By Chris Butler | Tennessee Watchdog

NASHVILLE — Halloween is fast approaching, and Tennessee Department of Environment and Conservation officials want to boost morale by teaching workers to carve jack-o’-lanterns.

But will TDEC employees finally be happy?

Earlier this year TDEC officials would not disclose results of an employee survey measuring whether employees were glad to go to work.

One never knows, considering TDEC leadership has scolded employees for reported laziness on the job.

But why are employees of a taxpayer-subsidized agency worrying themselves with jack-o-lanterns?

TDEC spokesman Eric Ward said Wednesday that Michael’s Arts and Crafts employees are offering the free demonstration to agency employees during lunch breaks.

HAPPY HALLOWEEN: How many pumpkin jack-o’-lanterns will TDEC employees learn how to make?

“These are fun activities intended to build camaraderie among employees,” Ward told Tennessee Watchdog.

“I hope that you would consider the fact that employee engagement and workplace culture are common ingredients to productive and efficient workplaces.”

Ward would not say where, exactly, TDEC employees will learn to do something maybe more ghoulish than regulate a private business, but it’s likely they will do so in a taxpayer-funded building in downtown Nashville.

TDEC’s Office of Talent Management, which is supposed to help employees with team development, recruitment and professional goals, is helping with the demonstration, Ward said.

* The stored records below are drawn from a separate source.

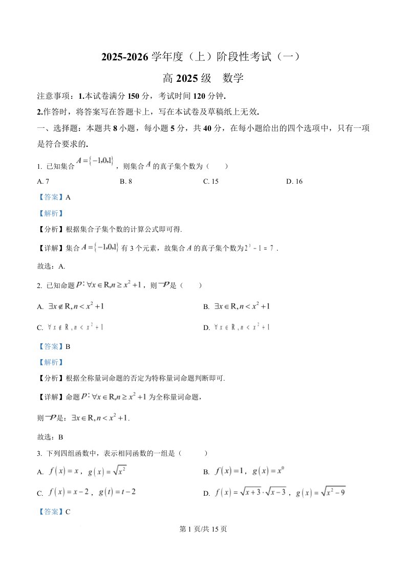 高一数学(解析版)--四川省成都市列五中学2025-2026学年高一上学期阶段性考试(一)
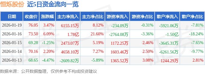证券之星消息,截至2026年1月19日收盘,恒烁股份(688416)报收于76.05元,上涨3.47%,换手率15.61%,成交量10.2万手,成交额7.58亿元。
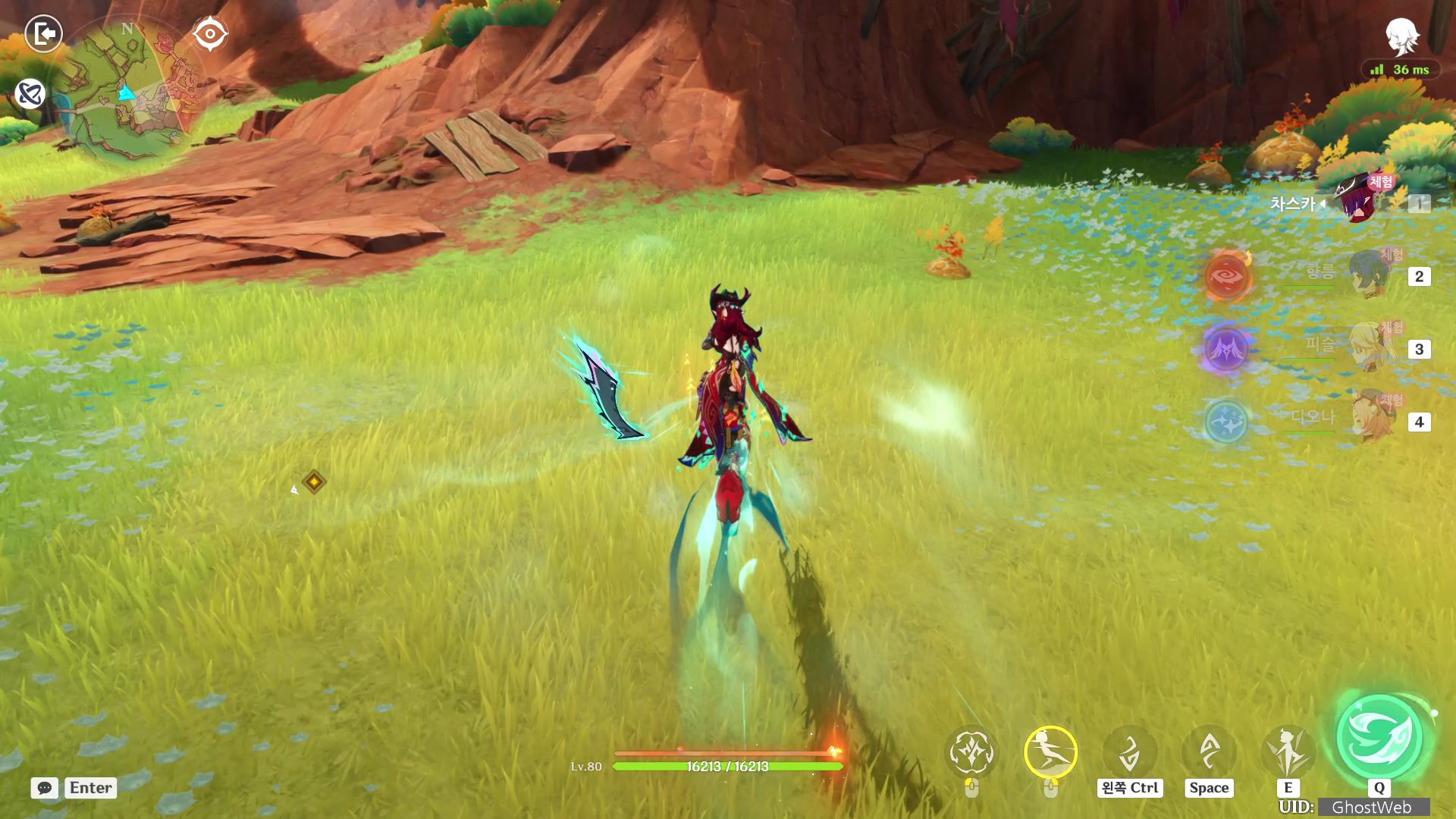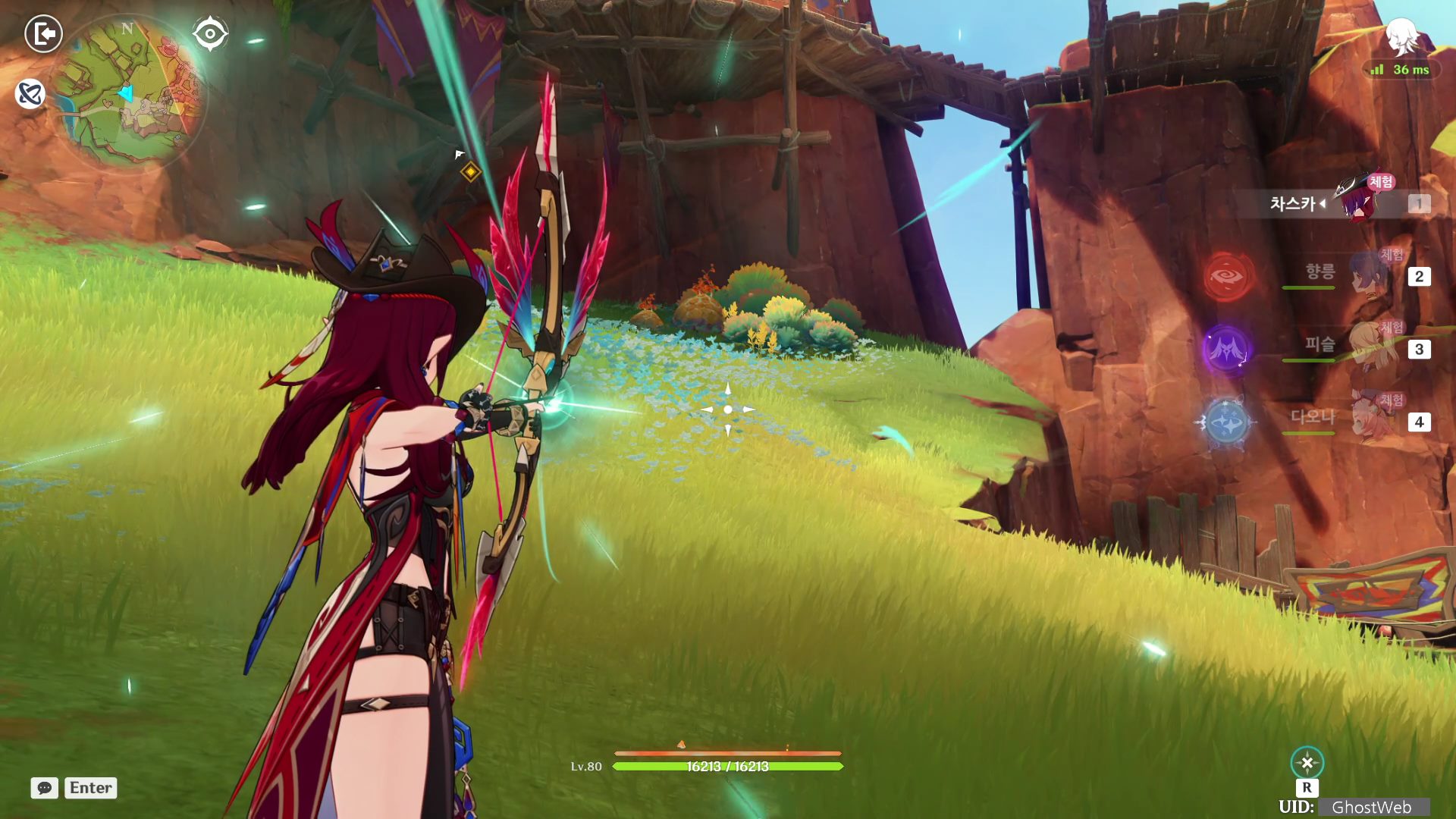 차스카의 원소 전투 스킬은 총을 타고 날라다니는 것으로 나타 신규 지역인 오츠카나타를 탐험하기 좋으며, 여러 원소 속성의 캐릭터로 파티를 구성했을 시 추가 적인 공격 효과가 있어요.
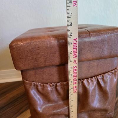 This compact and functional faux leather ottoman is perfect for small-space living. Features a classic tufted top that lifts off for hidden storage inside, plus a gathered side pocket—great for remotes, magazines, or craft tools. Warm chestnut brown with a mid-century flair. Details: Tufted faux leather exterior Lift-top storage compartment Gathered elastic side pocket Approx. Dimensions: 13" W x 13" D x 15" H Color: Warm brown/caramel tone Condition: Very good vintage condition; minor wear to edges consistent with age Ideal for use as a footrest, end table, or sewing box in retro or rustic interiors. 2352 / 4588 sold -
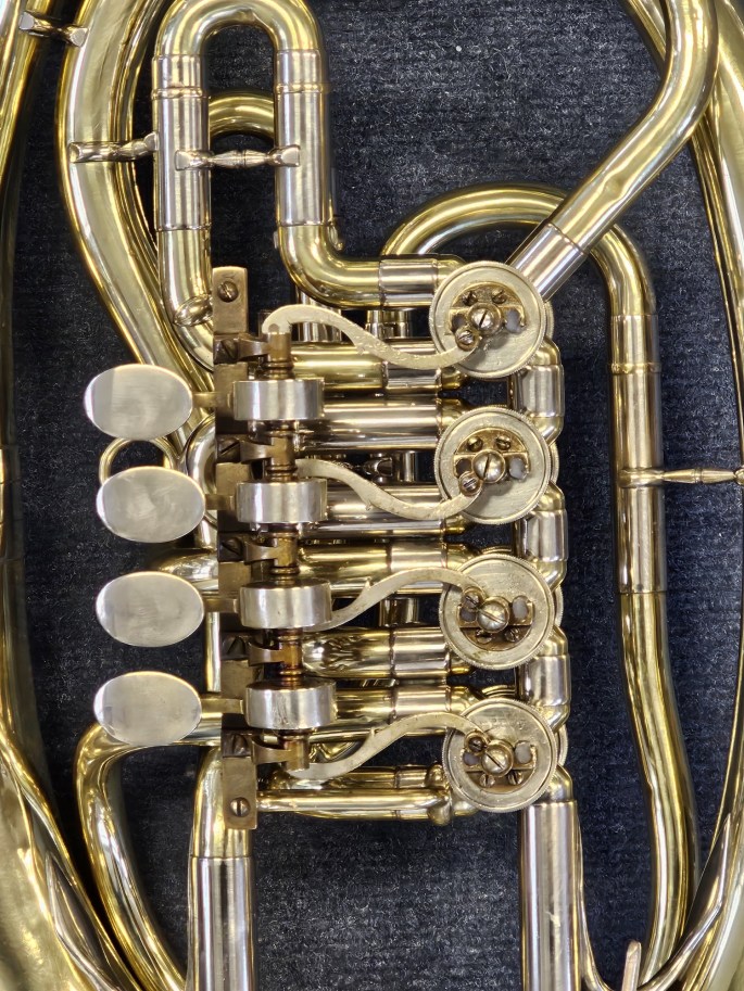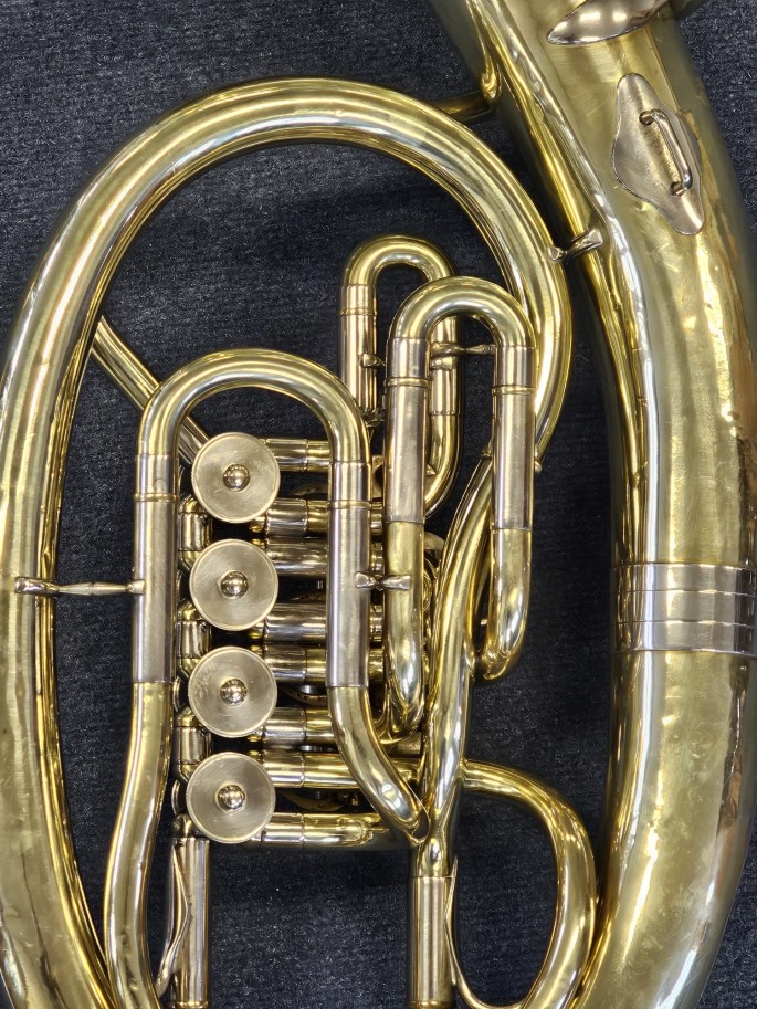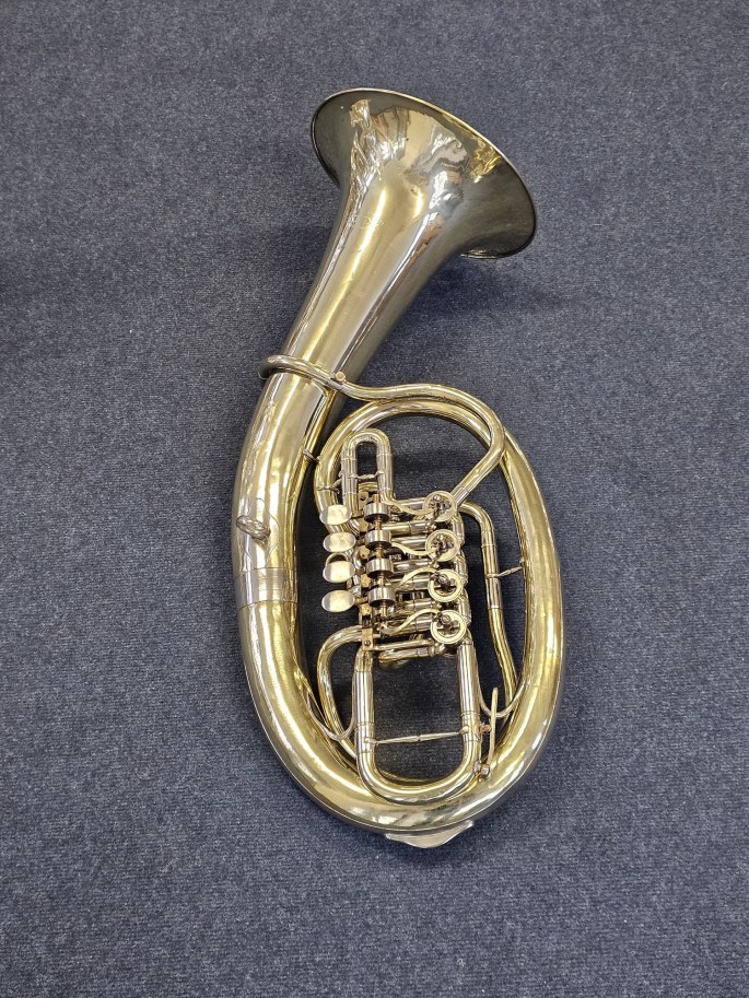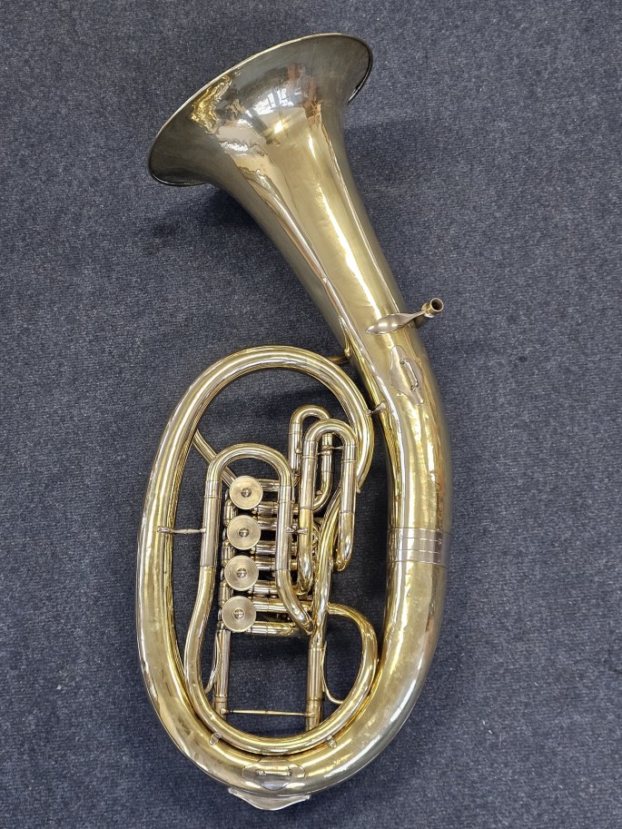 A well-built Bb oval baritone, manufactured by B&S and sold by Instrumentenbau Klein in Koblenz. This instrument has been fully inspected and is ready to play.

Ward would not answer specific questions as to how many employees this particular branch of TDEC has or how much money taxpayers allocate to it every year.

Tennessee Watchdog received anonymous information earlier this year suggesting TDEC management received lousy feedback on an employee happiness survey, but agency officials downplayed those concerns.

Tennessee Department of Environment and Conservation

As reported earlier this year, TDEC’s Water Quality deputy director under the Division of Water Resources criticized employees for “non-productive, non-work related activities during the work hours.”

Former Water Resources Division Director Sandra K. Dudley, the Tennessee official most responsible for maintaining the quality of the state’s water and public works systems, reminded her own employees about how to use a toilet.

Dudley’s email included a warning, saying workers aren’t supposed to flush shoes down the commodes at the department’s main offices in downtown Nashville, at the Tennessee Tower.

Dudley advised workers against flushing ink pens and paper clips.

Justin Owen, president of the free-market Beacon Center of Tennessee, said earlier this year TDEC plays one of the biggest roles of any state agency in regulating the state’s businesses.

“If its employees have so much free time to socialize and play on the Internet, the department should be shrunk, and taxpayer money returned to our pockets. Tennessee businesses should not have to face unnecessary hurdles just so bureaucrats can justify their positions.”